本研究では、精製中すぐに不溶化するInsAを、in vitro合成時に反応溶液に亜鉛を加えることで、活性ある可溶性タンパク質として得ることに成功、InsAとその欠失変異体タンパク質のNMR測定を可能にした。その結果、InsAの構成アミノ酸の約半分について主鎖帰属ができ、そのN末側(ZF)領域のモデル構造を予測できた。そのモデル予測によって、ZF内部にβストランドがあること、およびそのβストランドを構成するアミノ酸残基が新たに推測された。
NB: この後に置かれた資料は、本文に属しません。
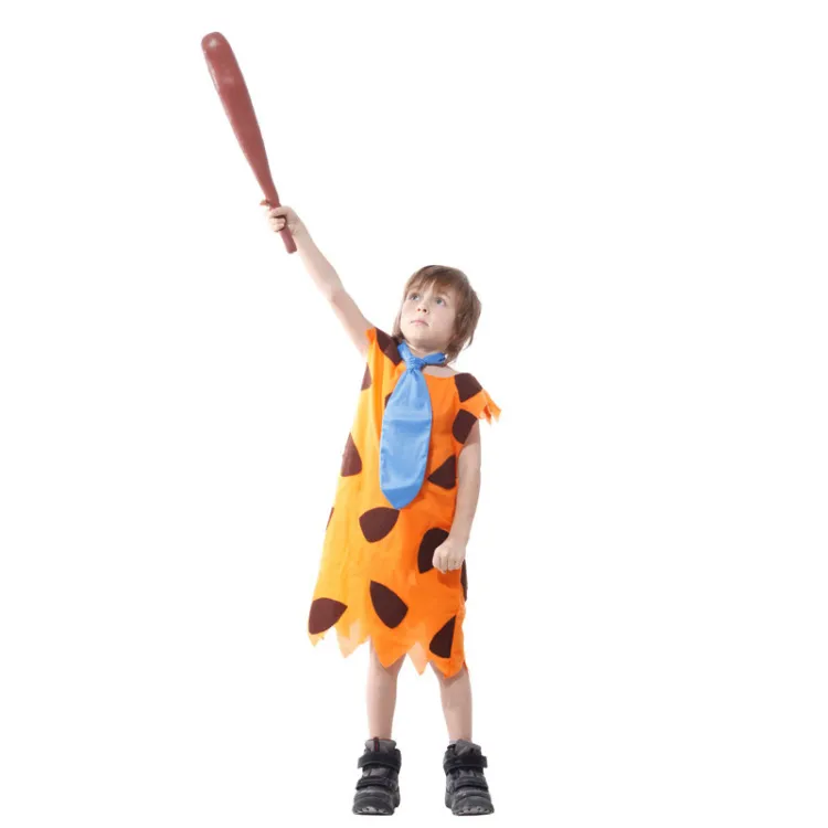 Il est composé d’une robe en tissu orange vif, cette tenue attire immédiatement l’attention avec son imprimé géométrique unique qui rappelle les motifs tribaux de l’époque des hommes des cavernes. Les enfants se sentiront ainsi comme de véritables hommes des cavernes prêts à conquérir le monde.
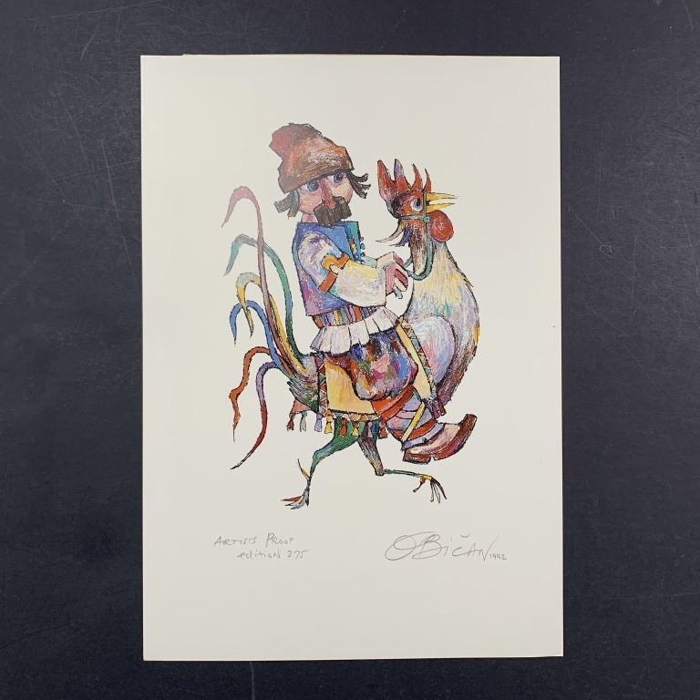 Jovan Obican's "Riding the Rooster" limited edition print, signed and dated lower right, and numbered Artist Proof Edition 275. This piece is of a man riding a rooster, done in Obican's signature colourful style. This piece is in excellent condition with a miniscule crease lower right corner.
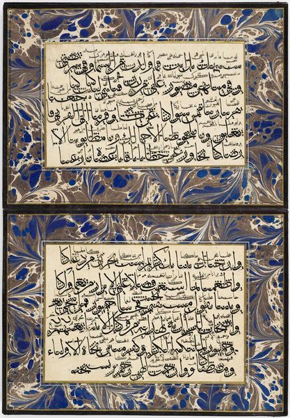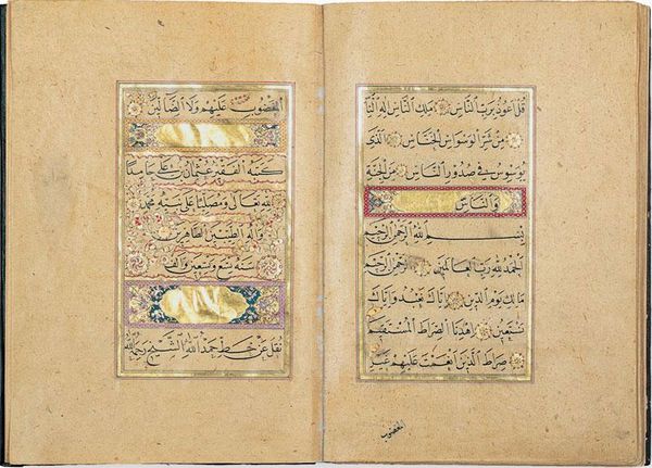 Curator: Look at this gorgeous Qur'an folio, likely crafted by the scribe Al-Hajj al-'Arif. It presents Suras 107 through 114. Editor: It looks so intimate. The size is modest, and the script is compact, making it feel very personal. I wonder what it meant for its original owner? Curator: The text is so carefully rendered and framed, suggesting a profound reverence. The script itself is a visual echo of the divine word. Editor: Absolutely, the script and illumination elevate the spiritual experience. But I also wonder, how did societal structures of power affect its creation and use? Who had access to such a beautiful object? Curator: That's a good point. Manuscript production was a complex process, so it likely involved a patron with resources, reflecting social stratification even in sacred contexts. Editor: Exactly, even devotion has a history. Understanding that context helps us appreciate both the beauty and the social dynamics at play. Curator: Seeing the historical and devotional symbolism interwoven like this makes it all the more meaningful. Editor: Yes, and it challenges us to consider the layers of meaning that art can hold.
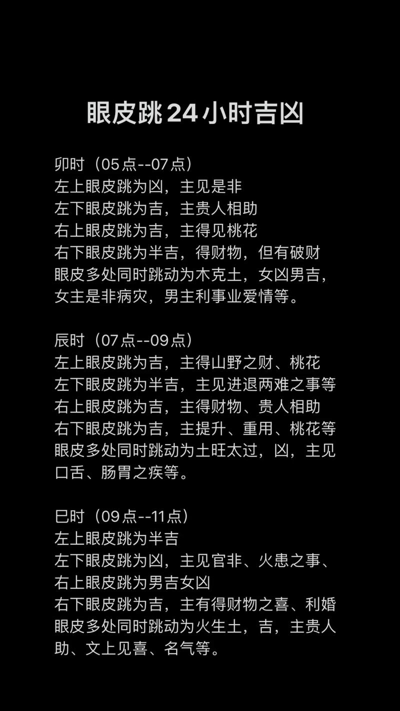 五行理論:在中國(guó)傳統(tǒng)文化中,五行(木、火、土、金、水)與十二時(shí)辰相對(duì)應(yīng)。左眼上眼皮代表木,下眼皮代表火;右眼上眼皮代表金,下眼皮代表水;兩處或以上位置同時(shí)跳動(dòng)代表土。
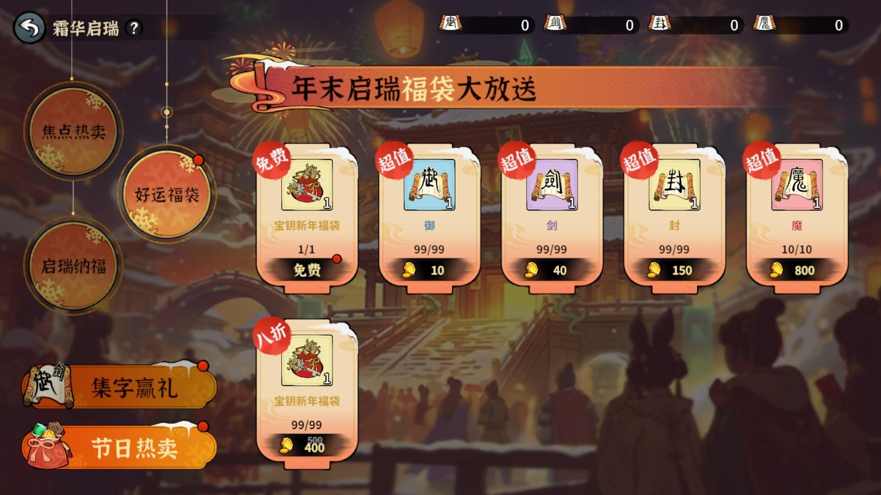 多款福袋随机开启,内含宝钥与集字活动道具,惊喜不断。
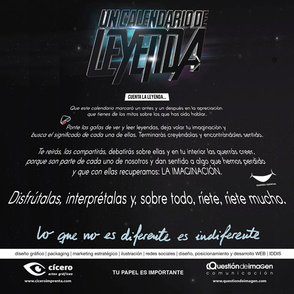 Portada del calendario de 2017 de Questión de Imagen y Cícero Artes Gráficas
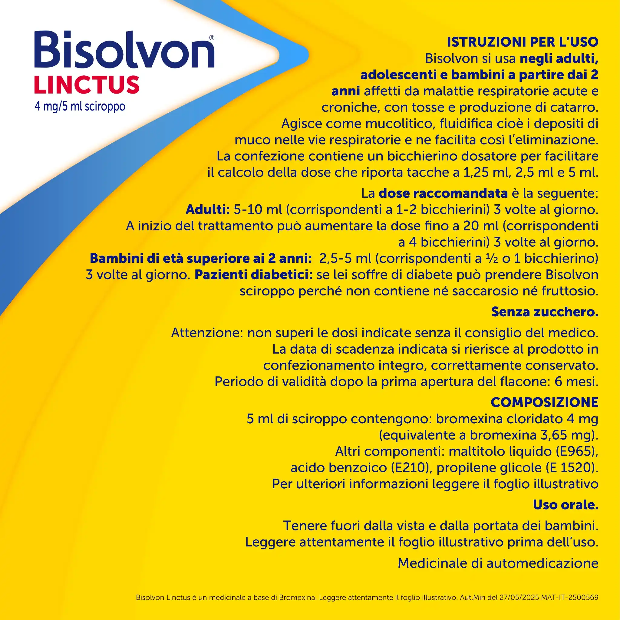 Bisolvon® Linctus sciroppo, grazie al principio attivo Bromexina, aiuta ad eliminare il catarro rendendolo più fluido e quindi più facile da espellere.
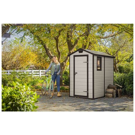 Πλαστική Αποθήκη Κήπου 4x6 Manor από την Keter, ιδανική για την αποθήκευση και προστασία του εξοπλισμού σας από τις εξωτερικές καιρικές συνθήκες.
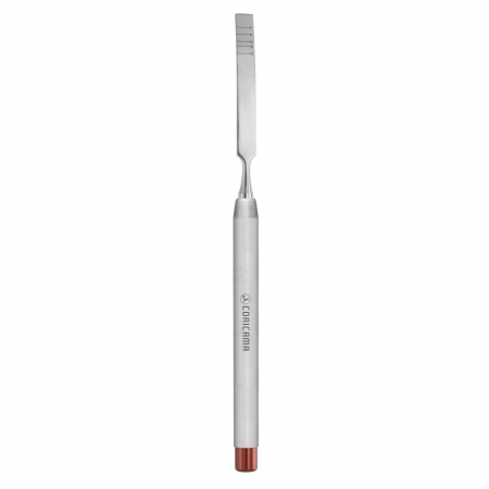 To cut and shape the bone. The surgeon can use a surgical mallet/hammer to manually impart an impact force to the proximal end of the instrument. The distal end (the cutting or shaping edge) is sharp and can be flat or curved [(concave) – aka: hollow blade].
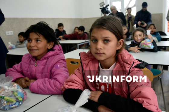 Дівчатка сидять за партами в одному з класів першого корпусу Комплексного соціального, освітнього, розвивального та спортивного центру "HUB "Благо", Ужгород, 27 березня 2026 року. Новий центр створено як багатофункціональний простір, що об’єднав соціальні, освітні та спортивні ініціативи для мешканців міста та ромської громади.
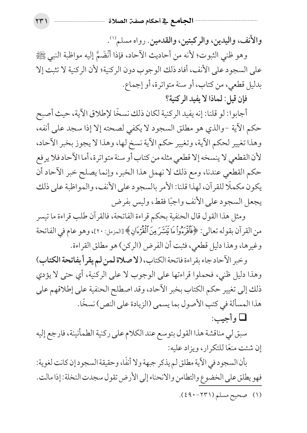 أجابوا: لو قلنا: إنه يفيد الركنية لكان ذلك نسخًا لإطلاق الآية، حيث أصبح حكم الآية -والذي هو مطلق السجود لا يكفي لصحته إلا إذا سجد على أنفه، وهذا تغيير لحكم الآية، وتغيير حكم الآية نسخ لها، وهذا لا يجوز بخبر الآحاد، لأن القطعي لا ينسخه إلا قطعي مثله من كتاب أو سنة متواترة، أما الآحاد فلا يرفع حكم القطعي عندنا، ومع ذلك لا نهمل هذا الخبر، وإنما يصلح خبر الآحاد أن يكون مكملًا للقرآن، لهذا قلنا: الأمر بالسجود على الأنف، والمواظبة على ذلك يجعل السجود على الأنف واجبًا فقط، وليس بفرض
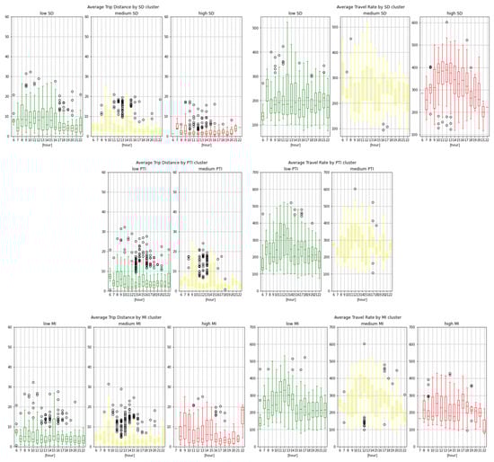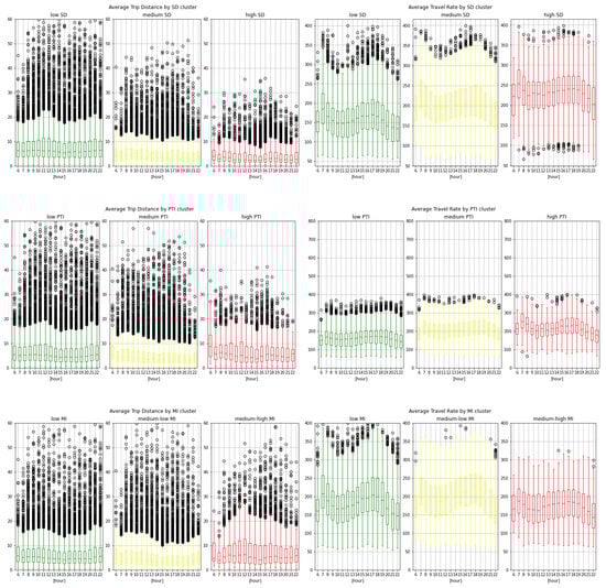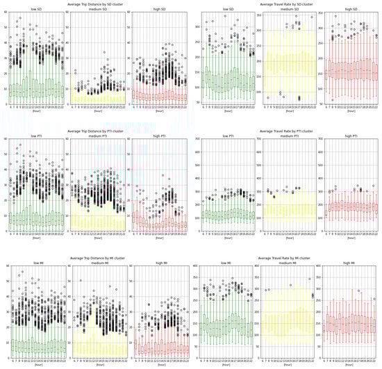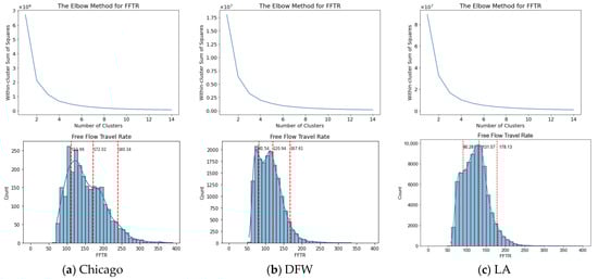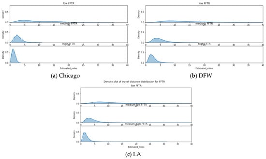 Figure 5 illustrates the distribution of estimated travel distances for each cluster. It is observed that across all the cities, the cluster with the lowest FFTR includes trips with diverse distances, whereas the clusters with medium- and high-FFTR values primarily comprise much shorter trips. This phenomenon can be attributed to the fact that short trips are more inclined to use arterial roads within the city [], where congestion occurs more frequently, and traffic signal cycles may have varying effects on waiting time variance. Conversely, longer trips are more common in suburban areas and freeways. Additionally, the overhead time per mile, which includes the wait time, pick-up time, and drop-off time of passengers, tends to be higher for shorter trips compared to longer trips []. This distinction contributes to the clustering of shorter trips into the medium- and high-FFTR clusters. Moreover, a comparative analysis among the three reveals that Chicago exhibits a relatively slower pace and a longer tail in its FFTR distribution. This could be attributed to the presence of multiple city centers, such as business areas, and lower-density neighborhoods in Chicago. Moreover, the occurrence of long intercity trips between airports and business areas further influences the FFTR distribution in the city.
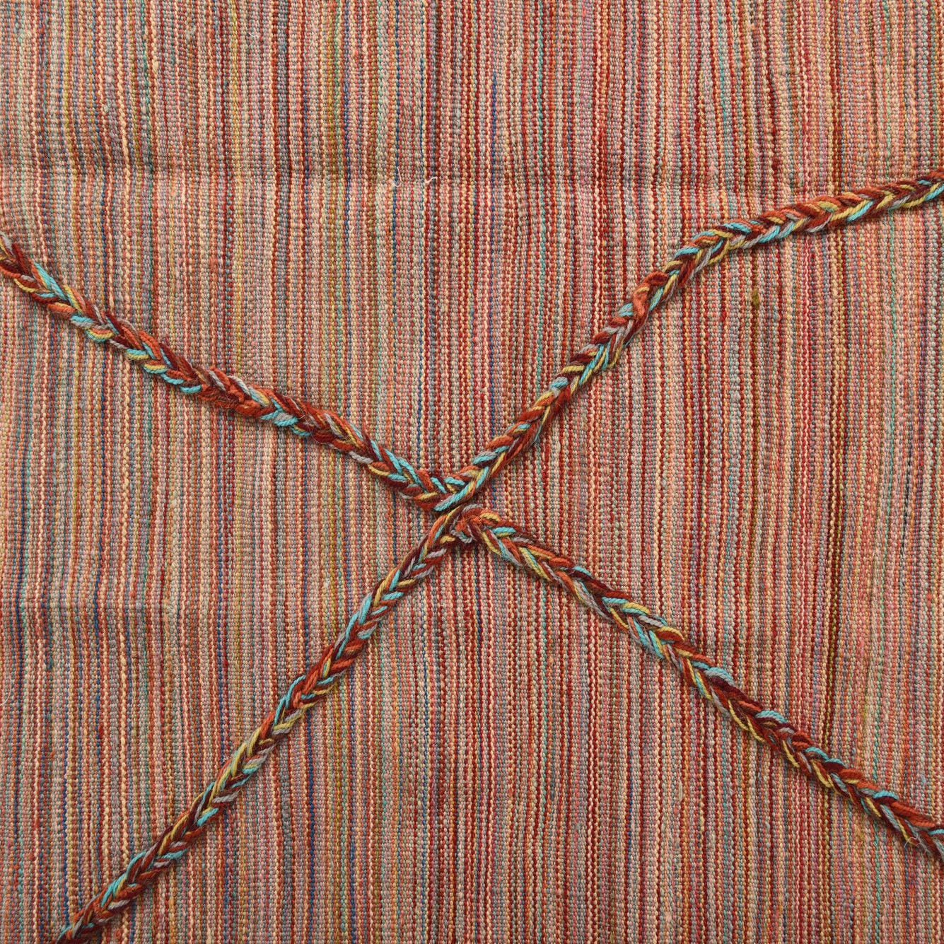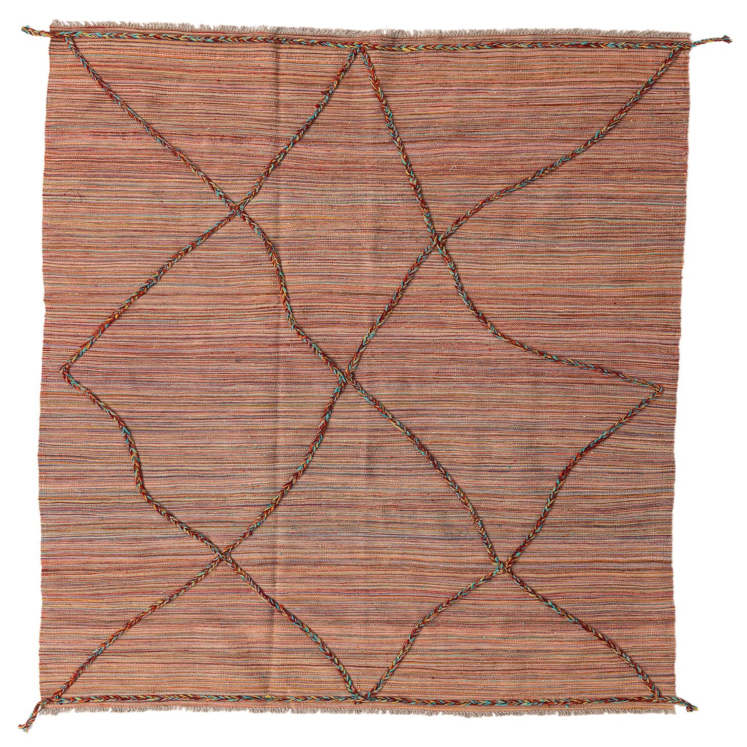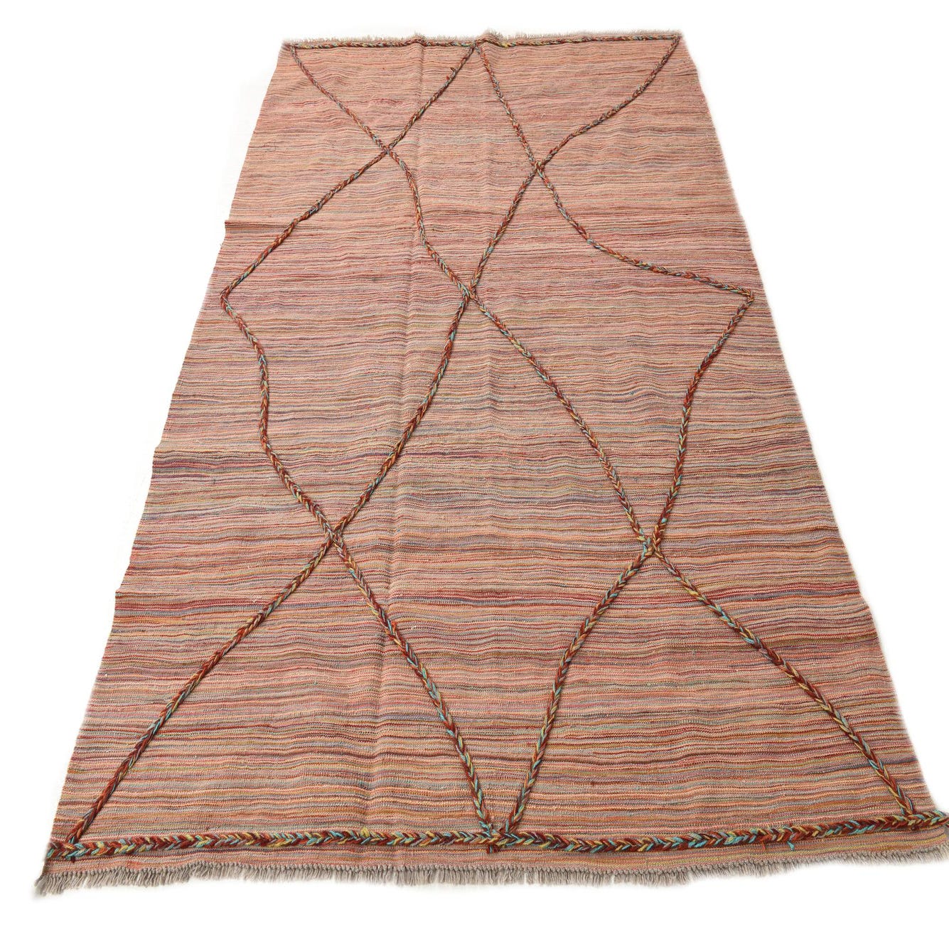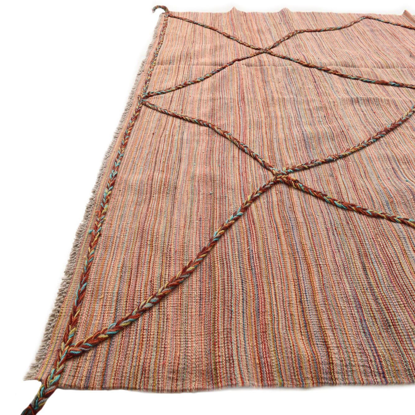 A 6x9 rectangular multi-colored flatweave wool rug with a tribal geometric pattern of braided lines.

それらのアミノ酸残基、R29,G21,S23,Y30に置換変異をいれた場合、DNA結合活性が失われるという、これまでの遺伝学的データと併せて、このZF領域内部のβストランド部分がDNAとの相互作用に重要であることがはじめて明らかになった。これらの結果は、これまでアミノ酸配列の一次構造上で論じられていたInsAタンパク質の機能を、高次構造の面から捉えることを可能にした画期的な研究といえる。よって審査委員一同は、本論文が博士(農学)の学位論文として価値あるものと認めた。